🤖 AI Summary
Traditional scaling laws struggle to apply to weather forecasting due to challenges such as autoregressive error accumulation, heterogeneity across multiple physical channels, and inconsistencies between global and local evaluation metrics. This work proposes the first neural scaling law framework tailored for long-horizon roll-out prediction with heterogeneous multi-channel outputs, introducing multidimensional scaling axes encompassing model size, data volume, and computational budget, alongside channel-granular error metrics. The study reveals that while global performance metrics appear favorable, prediction errors exhibit substantial heterogeneity across both channels and forecast lead times, with several channels degrading significantly in longer-range predictions. This highlights a masking effect inherent in global evaluations and provides empirical grounding for designing channel-weighted loss functions and optimizing computational resource allocation.
📝 Abstract
Compute-optimal scaling laws are relatively well studied for NLP and CV, where objectives are typically single-step and targets are comparatively homogeneous. Weather forecasting is harder to characterize in the same framework: autoregressive rollouts compound errors over long horizons, outputs couple many physical channels with disparate scales and predictability, and globally pooled test metrics can disagree sharply with per-channel, late-lead behavior implied by short-horizon training.

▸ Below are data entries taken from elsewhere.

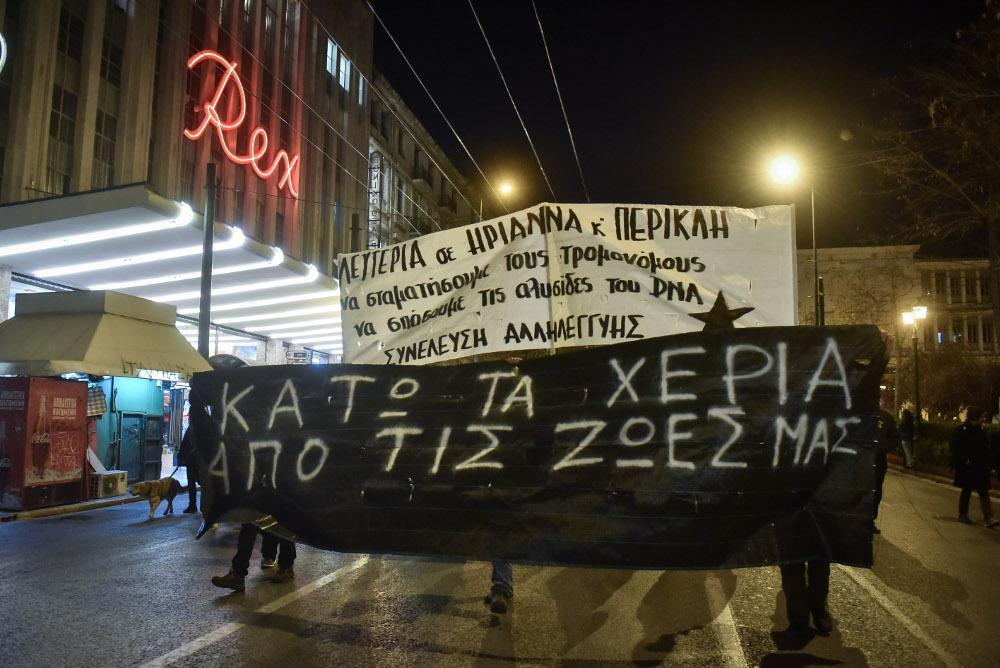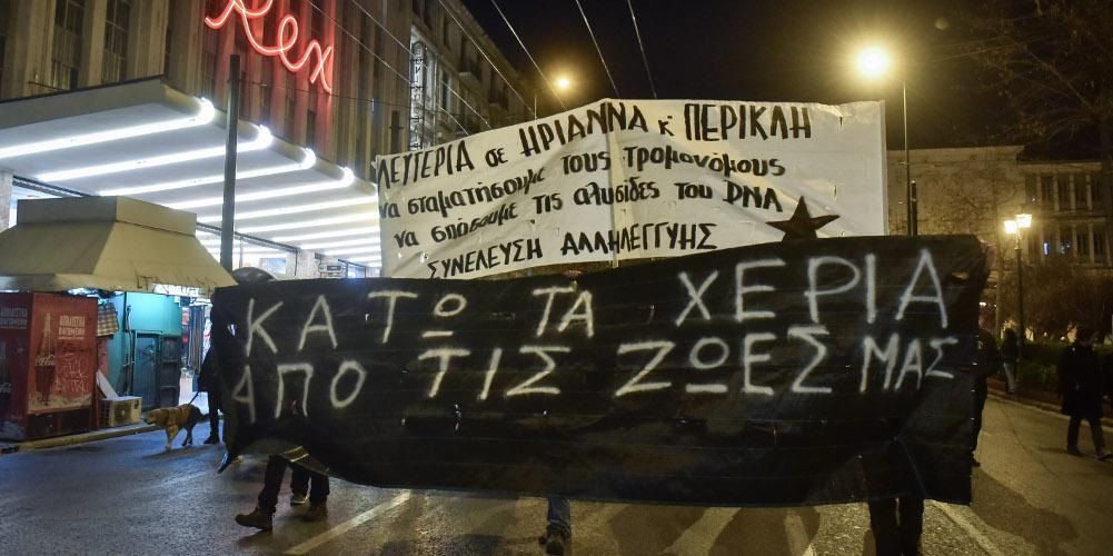 Με κεντρικό σύνθημα «Κάτω τα χέρια από τις ζωές μας», οργανώσεις της Αριστεράς και συλλογικότητες του αντιεξουσιαστικού χώρου διαδηλώνουν εκφράζοντας την αλληλεγγύη στους δύο κρατούμενους ενόψει της τρίτης εκδίκασης της αίτησης αναστολής της εκτέλεσης ποινής τους που θα πραγματοποιηθεί στις 21 Μαρτίου στο Εφετείο.
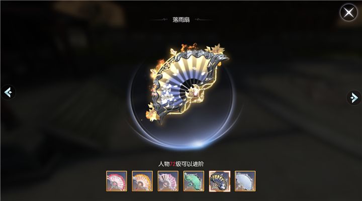 落雨扇看起来温婉大气,却又很华贵。黑色加镂空的扇框让它在大气沉稳中又多了点轻巧。黑色向橙色渐变的扇面上画着花朵和飘散的花瓣,又给了它一种别样的风情。金色的蝴蝶闪烁在扇子边上,在扇柄部的花纹也是亮橙色,前后呼应间又让人感受到它不凡的实力,这样一把折扇当真称得上是神兵了!
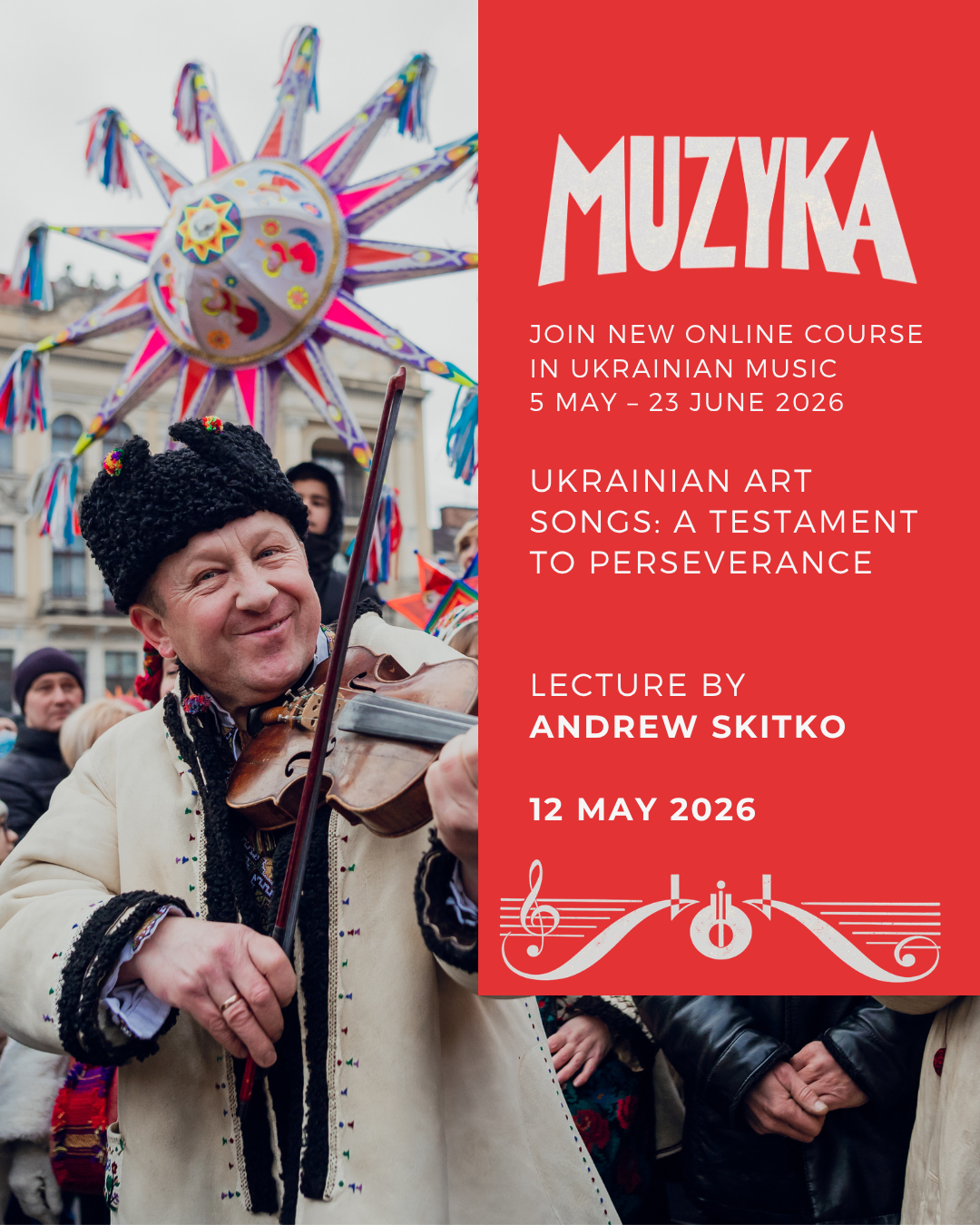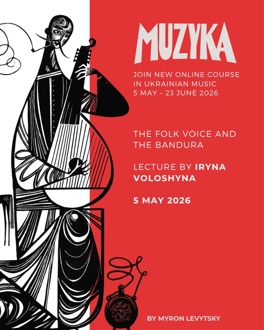 Join the first seminar of our Muzyka 2026 programme on Ukrainian music. In this lecture, we will explore the folk traditions of Ukrainian singing and discover how the kobza became Ukraine's national instrument, the bandura.
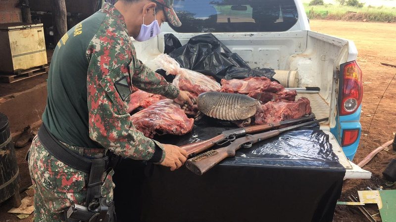 De acordo com a PMA (Polícia Militar Ambiental), após denúncias, dois homens, que prestavam serviços há 30 dias para o fazendeiro, encontraram a caça armazenada. Eles abateram um cateto, cutia, tatu-galinha. Após atirar nos animais, eles os cortaram em pedaços.

We extend neural scaling analysis for autoregressive weather forecasting from single-step training loss to long rollouts and per-channel metrics. We quantify (1) how prediction error is distributed across channels and how its growth rate evolves with forecast horizon, (2) if power law scaling holds for test error, relative to rollout length when error is pooled globally, and (3) how that fit varies jointly with horizon and channel for parameter, data, and compute-based scaling axes. We find strong cross-channel and cross-horizon heterogeneity: pooled scaling can look favorable while many channels degrade at late leads. We discuss implications for weighted objectives, horizon-aware curricula, and resource allocation across outputs.